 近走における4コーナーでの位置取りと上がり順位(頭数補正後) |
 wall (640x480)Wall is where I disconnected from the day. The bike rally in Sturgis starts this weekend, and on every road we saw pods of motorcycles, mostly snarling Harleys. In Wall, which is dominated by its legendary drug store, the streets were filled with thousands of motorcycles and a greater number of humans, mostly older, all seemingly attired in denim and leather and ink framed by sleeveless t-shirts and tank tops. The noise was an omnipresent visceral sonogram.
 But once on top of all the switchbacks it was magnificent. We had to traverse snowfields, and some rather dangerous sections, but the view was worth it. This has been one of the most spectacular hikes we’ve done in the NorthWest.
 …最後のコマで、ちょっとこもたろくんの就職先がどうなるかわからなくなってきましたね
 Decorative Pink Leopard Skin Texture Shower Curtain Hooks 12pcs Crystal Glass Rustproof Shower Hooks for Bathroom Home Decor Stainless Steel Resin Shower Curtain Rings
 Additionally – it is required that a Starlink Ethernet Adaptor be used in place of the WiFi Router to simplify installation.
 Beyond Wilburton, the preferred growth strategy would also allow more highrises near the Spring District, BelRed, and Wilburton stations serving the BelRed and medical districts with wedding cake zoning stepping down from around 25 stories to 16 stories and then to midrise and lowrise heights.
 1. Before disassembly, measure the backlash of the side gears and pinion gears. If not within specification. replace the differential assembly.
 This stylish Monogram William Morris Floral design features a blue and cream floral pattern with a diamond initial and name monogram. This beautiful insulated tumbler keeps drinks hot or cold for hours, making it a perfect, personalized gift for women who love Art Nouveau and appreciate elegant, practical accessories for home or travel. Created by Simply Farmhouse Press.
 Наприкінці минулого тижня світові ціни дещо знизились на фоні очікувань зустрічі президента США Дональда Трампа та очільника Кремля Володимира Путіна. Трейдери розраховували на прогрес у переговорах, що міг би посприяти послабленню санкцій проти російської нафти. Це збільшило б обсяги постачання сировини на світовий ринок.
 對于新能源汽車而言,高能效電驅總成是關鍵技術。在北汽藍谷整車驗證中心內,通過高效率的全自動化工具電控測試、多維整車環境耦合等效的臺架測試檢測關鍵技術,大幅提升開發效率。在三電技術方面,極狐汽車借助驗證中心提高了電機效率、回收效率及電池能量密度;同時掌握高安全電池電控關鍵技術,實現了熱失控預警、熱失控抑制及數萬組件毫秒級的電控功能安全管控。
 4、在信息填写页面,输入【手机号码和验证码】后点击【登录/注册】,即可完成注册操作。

#####

Only the lines from the start of the data to the line holding "Additionally – it" are wanted; return them exactly, both ends included.

* [RESPONSE AREA]:
 近走における4コーナーでの位置取りと上がり順位(頭数補正後) |
 wall (640x480)Wall is where I disconnected from the day. The bike rally in Sturgis starts this weekend, and on every road we saw pods of motorcycles, mostly snarling Harleys. In Wall, which is dominated by its legendary drug store, the streets were filled with thousands of motorcycles and a greater number of humans, mostly older, all seemingly attired in denim and leather and ink framed by sleeveless t-shirts and tank tops. The noise was an omnipresent visceral sonogram.
 But once on top of all the switchbacks it was magnificent. We had to traverse snowfields, and some rather dangerous sections, but the view was worth it. This has been one of the most spectacular hikes we’ve done in the NorthWest.
 …最後のコマで、ちょっとこもたろくんの就職先がどうなるかわからなくなってきましたね
 Decorative Pink Leopard Skin Texture Shower Curtain Hooks 12pcs Crystal Glass Rustproof Shower Hooks for Bathroom Home Decor Stainless Steel Resin Shower Curtain Rings
 Additionally – it is required that a Starlink Ethernet Adaptor be used in place of the WiFi Router to simplify installation.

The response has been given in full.